Not all $p$ coefficients are identifiable, however, because the distances don't determine the location. But if we arbitrarily fix one of the coefficients, say $\beta_1=0,$ we can estimate all the other locations relative to this one.

This is an Ordinary Least Squares (OLS) problem and so can be solved with the usual OLS machinery.


To illustrate, I generated four random points at locations

1.9 11.6  5.6  9.3

The model matrix $X = (x_{ij, k})$ (with its first column, for $\beta_1,$ omitted) is

        Point
Interval  2  3 4
     1-2  1  . .
     1-3  .  1 .
     1-4  .  . 1
     2-3 -1  1 .
     2-4 -1  . 1
     3-4  . -1 1

For instance, the first row in this matrix says the distance between points 1 and 2 equals $(1,0,0) (\beta_2,\beta_3,\beta_4)^\prime = \beta_2 = \beta_2-\beta_1$ (because, implicitly, $\beta_1=0$).

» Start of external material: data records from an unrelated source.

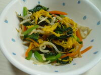 サラダは、野田市産の小松菜で作りました。今日は、他に米(黒酢米)・味噌が野田市産でした。
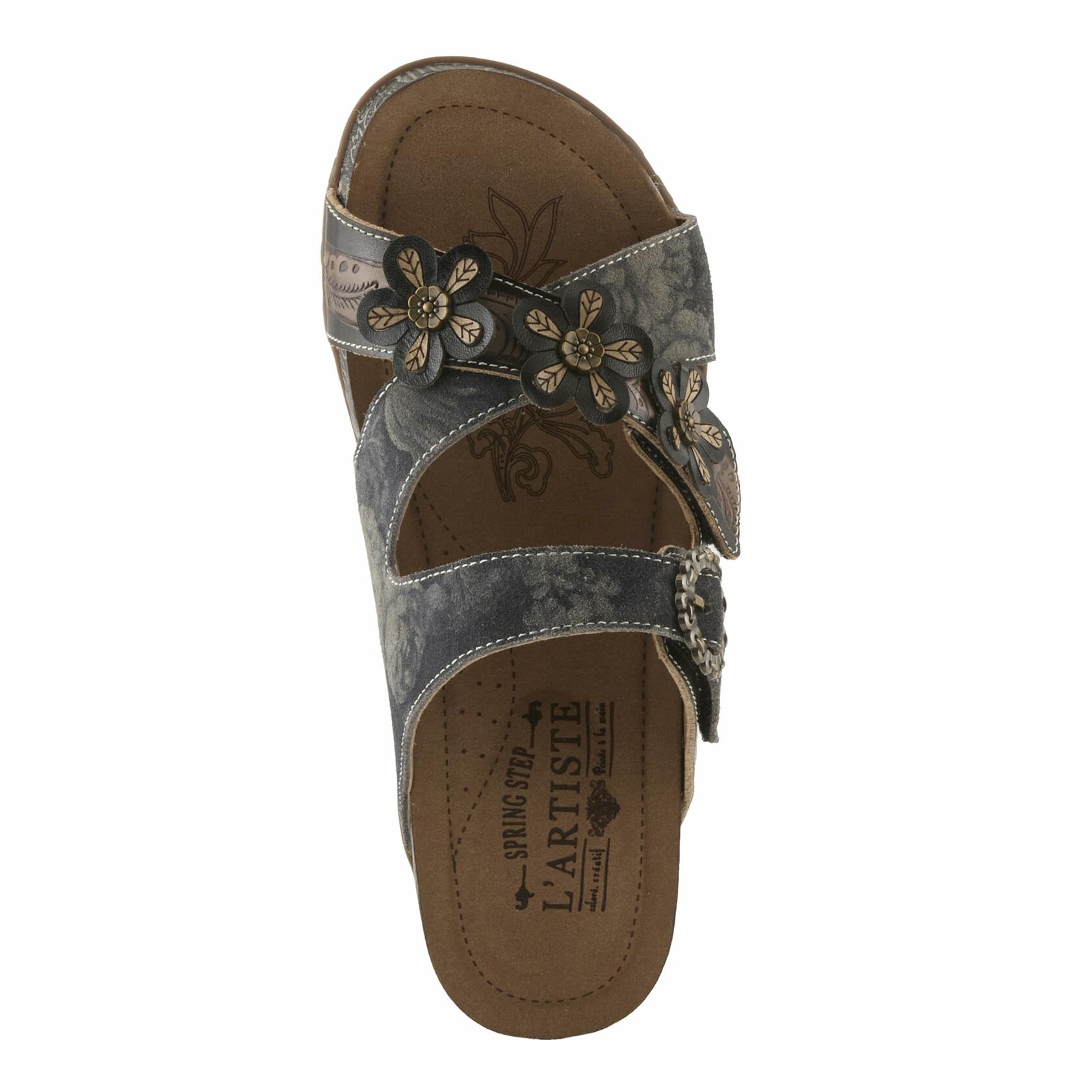 Add a touch of elegance to your day with the L'Artiste Women's CAELANA Slide Sandals. Crafted from hand-painted leather, these sandals feature three exquisite floral accents on the crisscross front strap, bringing personality and life to any outfit. The decorative buckle on the ankle strap adds a chic flair, while the cushioned footbed provides all-day comfort. Designed with a hook-and-loop closure for a secure and tailored fit, the CAELANA sandals are perfect for running errands, casual gatherings, or relaxing weekends. Elevate your everyday look with these unique, artistic slides.
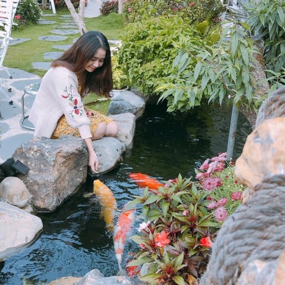 Điều làm nên tên tuổi và sức hút đặc biệt của Cá Koi Homestay – View sân vườn hồ cá cực chill chính là không gian sân vườn xanh mát và hồ cá Koi tuyệt đẹp. Đây không chỉ là nơi lưu trú mà còn là một điểm đến để trải nghiệm. Homestay được miêu tả có một sân vườn rộng, được chăm chút tỉ mỉ với nhiều loại cây xanh, hoa lá, tạo nên một bầu không khí trong lành, dễ chịu. Điểm nhấn không thể không nhắc đến chính là hồ cá Koi lớn, nơi sinh sống của hàng trăm chú cá Koi đủ màu sắc, chủng loại khác nhau. Việc ngắm nhìn đàn cá bơi lội nhẹ nhàng trong làn nước trong veo, hay đơn giản là ngồi bên hồ thưởng thức tách trà nóng giữa tiết trời se lạnh của Đà Lạt, chắc chắn sẽ mang lại cảm giác thư thái tuyệt đối. Đây cũng là một phông nền lý tưởng để bạn chụp những bức ảnh check-in độc đáo, lưu giữ khoảnh khắc đáng nhớ cùng bạn bè và người thân. Ngoài ra, nhiều cơ sở Cá Koi Homestay còn trang bị thêm nhà gỗ giữa vườn, khu BBQ cho những buổi tụ họp ấm cúng, và cả chỗ đậu xe rộng rãi, mang lại sự tiện nghi tối đa cho du khách.

The last row says the distance between points 3 and 4 is $-\beta_3 + \beta_4.$

The least squares estimates, compared to the locations, are good:

                2   3   4
True location 9.8 3.8 7.5
Estimate      9.8 3.1 7.8

(Notice that "true location" is relative to the first point at 1.9.)

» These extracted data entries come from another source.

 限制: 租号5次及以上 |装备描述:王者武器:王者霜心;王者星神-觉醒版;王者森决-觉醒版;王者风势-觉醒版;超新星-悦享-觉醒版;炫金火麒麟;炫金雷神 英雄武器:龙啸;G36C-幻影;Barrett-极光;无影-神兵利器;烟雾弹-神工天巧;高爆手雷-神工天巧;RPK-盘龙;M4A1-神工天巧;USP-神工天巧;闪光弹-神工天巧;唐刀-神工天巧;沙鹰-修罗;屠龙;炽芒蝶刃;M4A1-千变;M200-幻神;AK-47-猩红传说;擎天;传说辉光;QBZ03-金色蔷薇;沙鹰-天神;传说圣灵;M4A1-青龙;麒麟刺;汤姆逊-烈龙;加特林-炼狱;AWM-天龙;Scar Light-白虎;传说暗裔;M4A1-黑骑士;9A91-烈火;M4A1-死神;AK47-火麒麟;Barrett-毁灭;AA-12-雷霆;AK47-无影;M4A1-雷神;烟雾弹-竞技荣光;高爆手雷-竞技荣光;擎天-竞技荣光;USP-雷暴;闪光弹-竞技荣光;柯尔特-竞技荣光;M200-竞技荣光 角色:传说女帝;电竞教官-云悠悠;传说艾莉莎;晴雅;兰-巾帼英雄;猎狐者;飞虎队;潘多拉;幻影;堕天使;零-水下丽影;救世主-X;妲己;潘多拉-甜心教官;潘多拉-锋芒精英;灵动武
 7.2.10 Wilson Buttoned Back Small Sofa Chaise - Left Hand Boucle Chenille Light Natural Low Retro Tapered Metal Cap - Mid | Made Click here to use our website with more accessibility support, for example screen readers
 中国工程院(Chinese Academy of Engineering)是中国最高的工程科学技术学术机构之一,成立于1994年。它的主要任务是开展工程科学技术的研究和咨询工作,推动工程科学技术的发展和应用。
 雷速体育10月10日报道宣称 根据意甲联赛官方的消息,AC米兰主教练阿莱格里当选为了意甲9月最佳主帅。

As another illustration, I created 400 random points (at typical inter-point distances of $3$) and measured their $400(399)/2=159\,600$ distances with Gaussian noise of unit standard deviation (which is a fairly large fraction of these distances, making this a stringent test). Rather than print out the results, it's better to graph the $399$ coefficient estimates!

Figure

You can see it works very well. The reason is that we have $399$ measurements associated with each point, so the imprecision in each estimate should be about $1/\sqrt{399}\approx 0.05,$ or about $1.7\%$ of the average nearest-neighbor distance. The imprecision is about twice that because these measurements are not independent.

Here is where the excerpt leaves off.